Ранее знавал я продажных женщин, покупал их, изучал, но у тех не было невинного румянца и искренних голубых глаз, которые видел я в то майское утро, когда шел лесом на теневскую ярмарку… Я, сам испорченный до мозга костей, прощал, проповедовал терпимость ко всему порочному, снисходил до слабости… Был я того убеждения, что нельзя требовать от грязи, чтобы она не была грязью, и нельзя винить те червонцы, которые силою обстоятельств попадают в грязь… Но ранее не знал я, что червонцы могут растворяться в грязи и смешиваться с нею в одну массу. Растворимо, значит, и золото!
Сильный порыв ветра сорвал с меня шляпу и унес ее в окружавший мрак. Сорвавшаяся шляпа на лету шмыгнула по морде Зорьки. Она испугалась, взвилась на дыбы и понеслась по знакомой дороге.
Приехав домой, я повалился в постель. Поликарп, предложивший мне раздеваться, был ни за что ни про что обруган чертом.
– Сам – черт, – проворчал Поликарп, отходя от кровати.
– Что ты сказал? Что ты сказал? – вскочил я.
– Глухому попу две обедни не служат.
– Ааа… ты еще смеешь говорить мне дерзости! – задрожал я, выливая всю свою желчь на бедного лакея. – Вон! Чтоб и духу твоего здесь не было, негодяй! Вон!
И, не дожидаясь, пока человек выйдет из комнаты, я повалился в постель и зарыдал, как мальчишка. Напряженные нервы не вынесли. Бессильная злоба, оскорбленное чувство, ревность – все должно было вылиться так или иначе.
– Муж убил свою жену! – горланил мой попугай, ероша свои жидкие перья…
Под влиянием этого крика мне пришла в голову мысль, что Урбенин мог убить свою жену…
Засыпая, я видел убийство. Кошмар был душащий, мучительный… Мне казалось, что руки мои гладили что-то холодное и что стоило бы мне только открыть глаза, и я увидел бы труп… Мерещилось мне, что у изголовья стоит Урбенин и глядит на меня умоляющими глазами…
После описанной ночи наступило затишье.
Я засел дома, позволяя себе выходить и выезжать только по делам службы. Дел у меня накопилось пропасть, а потому скучать было невозможно. От утра до вечера я сидел за столом и усердно строчил или же допрашивал попавший в мои следовательские когти люд.
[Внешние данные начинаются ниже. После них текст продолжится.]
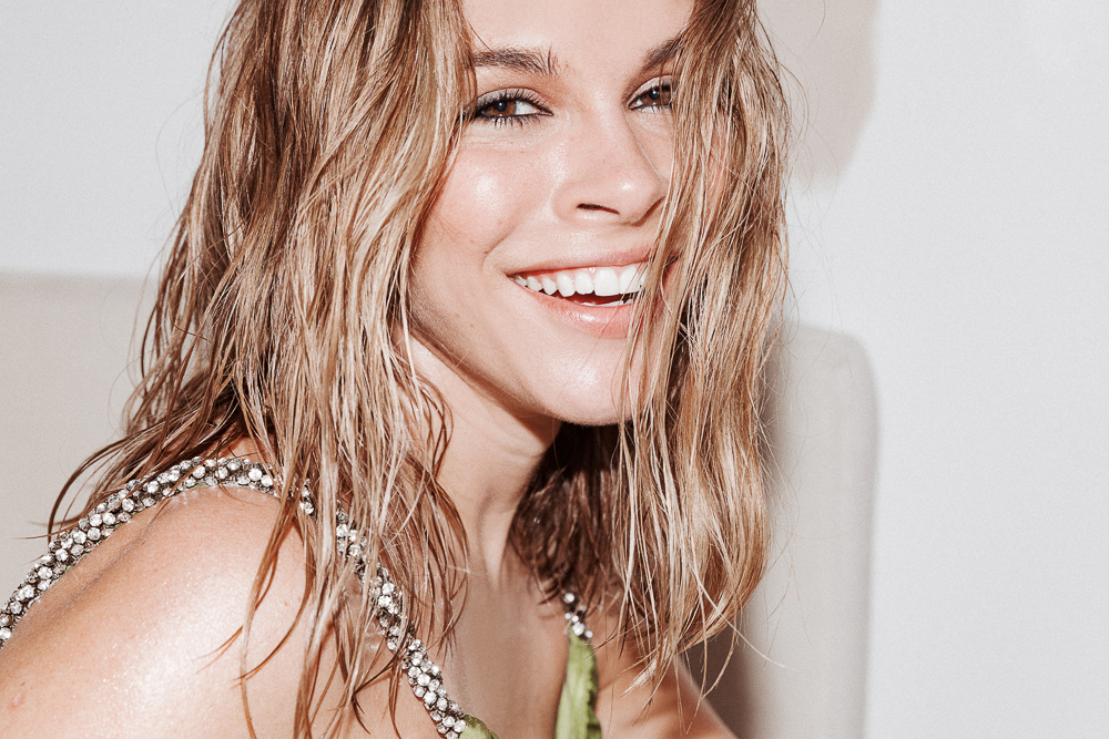 The last time I was in LA, I got this spray tan from a woman named Ana Maria—she comes to you for $75. It was great. I want to look like that again. Body Hero Perfecting Cream is formulated for this very moment—when your arms are out, your legs are out, and you want them to look sleek, svelte, glow-y, not glittery. I’m also using Topaz Haloscope on my legs and clavicle and shoulders for extra J.Lo. On my face, I put Burberry Fresh Glow bronzer—it’s liquid-y and easy to move around—on the outside of the face, the bridge of the nose, the brow bone and on my neck, because my neck is always lighter. For contouring, I stop in the hollows of my cheeks, where I have dimples. The full Kardashian is where you go all the way to the mouth with the contour shade. I don’t go quite that far.

В Карнеевку, в графскую усадьбу, меня более уже не тянуло.
На Ольгу я махнул рукой. Что с воза упало, то пропало; а она была именно тем, что упало с моего воза и, как я думал, безвозвратно пропало. Я не думал о ней и думать не хотел.
«Глупая, развратная дрянь!» – третировал я ее всякий раз, когда она во время моих усиленных занятий появлялась в моем воображении.
Изредка разве, когда я ложился спать или просыпался утром, мне приходили на память различные моменты из знакомства и непродолжительного житья моего с Ольгой. Мне вспоминались: Каменная Могила, лесной домик, в котором жила «девушка в красном», дорога в Тенево, свидание в пещере… и сердце мое начинало усиленно биться… Я ощущал щемящую боль… Ho все это было непродолжительно. Светлые воспоминания быстро стушевывались под напором тяжелых воспоминаний. Какая поэзия прошлого могла устоять перед грязью настоящего? И теперь, покончив с Ольгой, я далеко уже не так глядел на эту «поэзию», как прежде… Теперь я глядел на нее, как на оптический обман, ложь, фарисейство… и она утратила в моих глазах половину прелести.
Граф же мне опротивел окончательно. Я рад был, что не вижу его, и меня всегда злило, когда его усатая физиономия робко появлялась в моем воображении.
Он каждый день присылал мне письма, в которых умолял меня не хандрить и посетить «уже не одинокого отшельника». Послушаться его писем – значило бы сделать для себя неприятность.
«Кончено! – думал я. – И слава богу… Надоело…»
Я решил прервать с графом сношения, и эта решимость не стоила мне ни малейшей борьбы. Теперь я был уже не тот, что недели три тому назад, когда после ссоры из-за Пшехоцкого едва сидел дома. Приманки уже не было…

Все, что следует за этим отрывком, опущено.